What to do
Lines from the one holding "Een bruisbal spiegelei" through the end of the entries, inclusive, form the whole output; reproduce them exactly and omit pictures.

*** Opening Given data ***

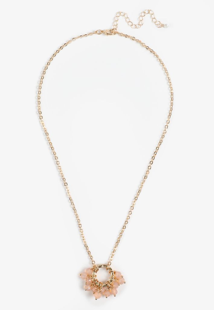 - featuring: open circular pendant with clustered pink beads
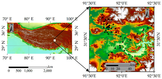 Location of the central Tibetan Plateau Soil Moisture/Temperature Monitoring Network (SMTMN) at Naqu. The black triangles indicate the in-situ soil moisture (SM) stations.
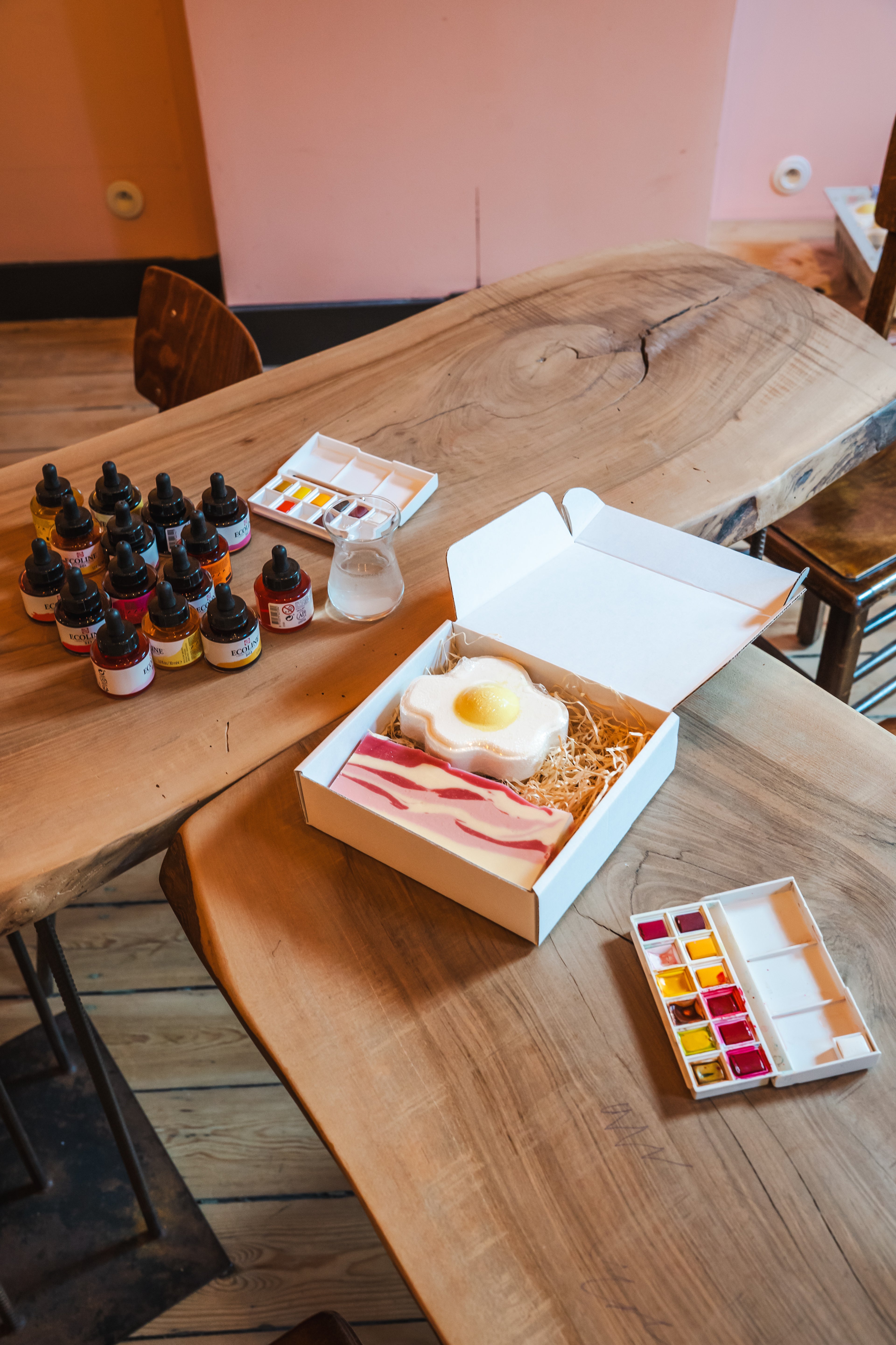 Een bruisbal spiegelei en een spekzeep - Het perfecte eindejaarsgeschenk om te geven én te krijgen! De verpakking is met de hand beschilderd tijdens een sfeervol ontbijt met spek en eieren. Daardoor is elke doos volledig uniek — een extra speciaal detail dat dit cadeautje nog leuker maakt.
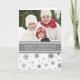 Fotokort från god jul från vår familj till er, i snyggt och modern mörk, kol grått och vitt festligt snöflingor mönster, enkelt anpassade med ditt personliga familjefoto. Önska dina vänner och din familj väl den här julhelgen med det här roligtens hälsningskort.
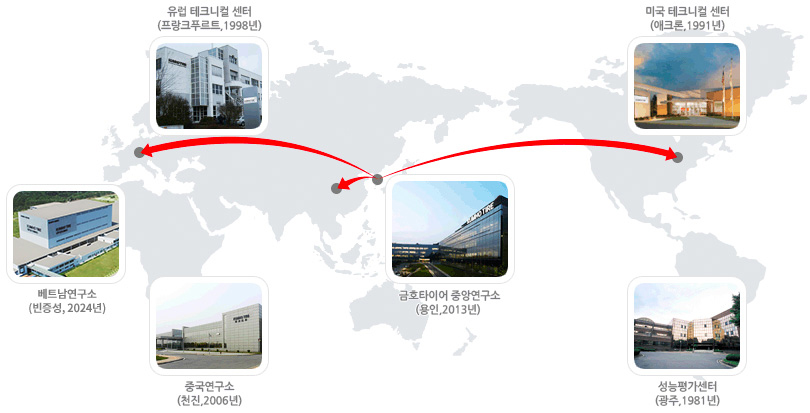 Kumho Tire is a leading company in the global tire industry, boasting innovative technology through its global R&D network. We have established a global R&D network centered around the Central Research and Development Center (KRDC) in Yongin, Gyeonggi Province, and the Kumho Performance Center (KPC) in Gwangju. This network extends to the Kumho America Technical Center (KATC) in Akron, the home of automotive technology in the U.S., the Kumho Europe Technical Center (KETC) in Frankfurt, Germany, the China Technical Center (KCTC), and the newly operational Kumho Vietnam Technical Center (KVTC) in Binh Duong Province, Vietnam.
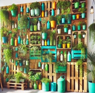 Paletes de madeira: Servem como estrutura para encaixar vasos.

*** Closing Given data ***

Result of this exercise
 Een bruisbal spiegelei en een spekzeep - Het perfecte eindejaarsgeschenk om te geven én te krijgen! De verpakking is met de hand beschilderd tijdens een sfeervol ontbijt met spek en eieren. Daardoor is elke doos volledig uniek — een extra speciaal detail dat dit cadeautje nog leuker maakt.
 Fotokort från god jul från vår familj till er, i snyggt och modern mörk, kol grått och vitt festligt snöflingor mönster, enkelt anpassade med ditt personliga familjefoto. Önska dina vänner och din familj väl den här julhelgen med det här roligtens hälsningskort.
 Kumho Tire is a leading company in the global tire industry, boasting innovative technology through its global R&D network. We have established a global R&D network centered around the Central Research and Development Center (KRDC) in Yongin, Gyeonggi Province, and the Kumho Performance Center (KPC) in Gwangju. This network extends to the Kumho America Technical Center (KATC) in Akron, the home of automotive technology in the U.S., the Kumho Europe Technical Center (KETC) in Frankfurt, Germany, the China Technical Center (KCTC), and the newly operational Kumho Vietnam Technical Center (KVTC) in Binh Duong Province, Vietnam.
 Paletes de madeira: Servem como estrutura para encaixar vasos.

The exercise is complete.